Kintone Engineering Blog

Learn about Kintone's engineering efforts. Kintone is provided by Cybozu Inc., a Tokyo-based public company founded in 1997.

Tolerating failures in container image registries

By Akihiro Ikezoe, Hirotaka Yamamoto

Have you ever experienced that your Kubernetes cluster cannot create new Pods because Docker Hub or other container registries are down?

This article will show you several ways to ensure your Kubernetes clusters can always pull images even while an upstream registry is failing. We also describe why we chose to self-host container image registry as a pull-through cache for an upstream registry.

Benefits of having a local registry

Many container images are hosted on public image registries including Docker Hub,, or GitHub Container Registry (GHCR).

If you have a Deployment that depends on these public registries, you might not be able to create new Pods while the registry is failing. This would cause services running on your Kubernetes cluster to be disrupted.
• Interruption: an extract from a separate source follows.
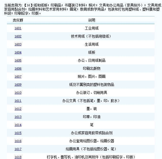 第16類商標(biāo)為辦公用品,適用于:紙和紙板;印刷品;書籍裝訂材料;照片;文具和辦公用品(家具除外);文具用或家庭用粘合劑;繪畫材料和藝術(shù)家用材料;畫筆;教育或教學(xué)用品;包裝和打包用塑料紙、塑料膜和塑料袋;印刷鉛字,印版。 第16類商標(biāo)查詢所含的小類別: 【1601】工業(yè)用紙 【1602】技術(shù)用紙(不包括絕緣紙) 【1603】生活用紙 【1604】紙板 【1605】辦公、日用紙制品 【1606】印刷出版物 【1607】照片,圖片,圖畫 【1609】紙及不屬別類的塑料包裝物品 【1610】辦公裝訂、切削用具 【1611】辦公文具(不包括筆,墨,印,膠水) 【1612】墨,硯 【1613】印章,印油 【1614】筆 【1615】辦公或家庭用膠帶或粘合劑 【1616】辦公室用繪圖儀器,繪畫儀器 【1617】繪畫用具(不包括繪圖儀器,筆) 【1618】打字機(jī)、謄寫機(jī)、油印機(jī)及其附件(包括印刷鉛字、印版) 【1619】教學(xué)用具(不包括教學(xué)實(shí)驗(yàn)用儀器) 【1620】室內(nèi)模型物(不包括教學(xué)用模型標(biāo)本) 【1621】單一商品 |

A local, self-hosted registry can resolve this problem. If you have the same image in the local registry as in the public registry, then when the public registry is down, you can fetch the image from the local registry instead.

Having a local registry has more benefits including:

  • No rate limits, unlike Docker Hub.
  • Faster fetch time
  • Less bandwidth usage

Software for self-hosting registries

Registry includes a simple image registry software called registry.


Harbor is a feature rich registry software.


Dragonfly is an open-source P2P-based Image and file distribution system.

How to switch registries transparently

A Pod in Kubernetes specifies container images with a registry as follows:

  - name: ubuntu

In the above example, is the registry. If registry is omitted, is normally used.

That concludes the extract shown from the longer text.